Florida, home of the company trying to buy Hawaii’s largest electrical utility, has a hostile environment for rooftop solar, according to a top executive at SolarCity Corp.
“It’s a very hostile environment. Unfortunately, very little solar is being adopted there as a result,” said Peter Rive, co-founder of San Mateo, Calif.-based SolarCity, in a telephone interview Tuesday. SolarCity is the largest solar employer and installer in the United States with more than 230,000 solar-energy systems installed as of December. SolarCity’s Chairman is Tesla Motors Inc. CEO Elon Musk.
Florida doesn’t allow residents to lease solar-energy systems from a third party, which is a large part of SolarCity’s business.
NextEra Energy Inc., the company looking to buy Hawaiian Electric Industries, owns the largest rate-regulated electrical utility in Florida and is linked to a lobbying group that is working to maintain the current regulation prohibiting third-party leasing for solar.
There were 7,513 solar-energy systems in Florida, the third most populous state, as of November, according to the U.S. Energy Information Administration. There are approximately 61,000 residential solar systems in Hawaii, the 4oth state in terms of population.
The major electric utilities in Florida — Florida Power &Light (FPL), Duke Energy, Gulf Power and Tampa Electric — financially backed a lobbying group looking to retain regulation on third-party leasing of solar-energy systems in Florida. NextEra Energy Hawaii LLC president and CEO Eric Gleason said NextEra’s utility subsidiary, FPL, gave $595,000 in contributions to Consumers for Smart Solar, the lobbying group.
NextEra says the low solar-energy adoption at FPL — 3,000 systems for 4.8 million customers — is a result of lower electricity rates.
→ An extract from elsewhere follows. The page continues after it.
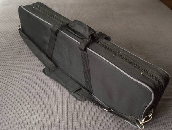 adjusted from the playing position. The Steinberger endpin tuners are 40:1 for stability and fine-tuning control. Price includes original case, a 2.5mm allen wrench, (you will also need a 2mm wrench), rosin, how to re-string and tune instructions, and a new set of D'Addario Helicore medium strings. THERE IS NO BOW INCLUDED. A Carbon Fiber Bow can be purchased for under $30.00. The NS Design bow is $215.00. If you need a cord to plug into an amp we will include a new one. Check it out; plug it in and play! See if it suits you.

Florida’s electricity rates are roughly 8 percent lower than the national average, according to the EIA.
Rive said that he hopes the hostile environment in Florida doesn’t spread into Hawaii if NextEra is successful in its purchase of HEI.
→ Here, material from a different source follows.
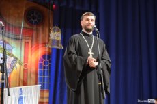 «Друзі, ми з вами зібралися вже не вперше і в такій кількості в цьому залі для того, щоб побачити хорошу виставу і полюбити Христа, полюбити Церкву Господню, бути справжніми християнами. Кожна вистава, яку ми показуємо, показує християнські чесноти, вона показує, які ми повинні бути насправді. Євангелія каже любити, а як любити – показують наші вистави», - сказав він та побажав діткам бути справжніми християнами.

“We’re hopeful that if this does go through they will have a different approach to solar given Hawaii’s goal to become 100 percent renewable,” Rive said. Hawaii has a goal of getting the equivalent of 100 percent of its electric power from renewable sources by 2045.
SolarCity will begin taking orders for its battery-tied solar-energy systems beginning today, Rive said.
SolarCity will begin offering a suite of home-energy technology, including a solar-energy system, a Tesla Powerwall battery, smart electric water heaters and the Nest Learning Thermostat.
SolarCity’s smart energy home management system connects the solar to the batteries, which will store excess electricity generated from the solar-powered system during the day, then deliver it to the home at night.
“We really want to see collaboration as we bring these on the grid,” Rive said. “Hawaii is in a very special situation as a result of high adoption of solar.”
Rive said HECO customers using SolarCity’s solar-energy system and batteries will see roughly $150 savings on monthly electric bills. A 20-panel solar-powered system with Tesla Powerwall batteries costs about $23,000 before tax credits, Rive said. Solar-powered system owners qualify for a 35 percent state tax credit and 30 percent federal tax credit on their systems.
“After state and federal tax credit (customers) will see about a 15 percent rate of return on their investment,” Rive said. “That is pretty healthy.”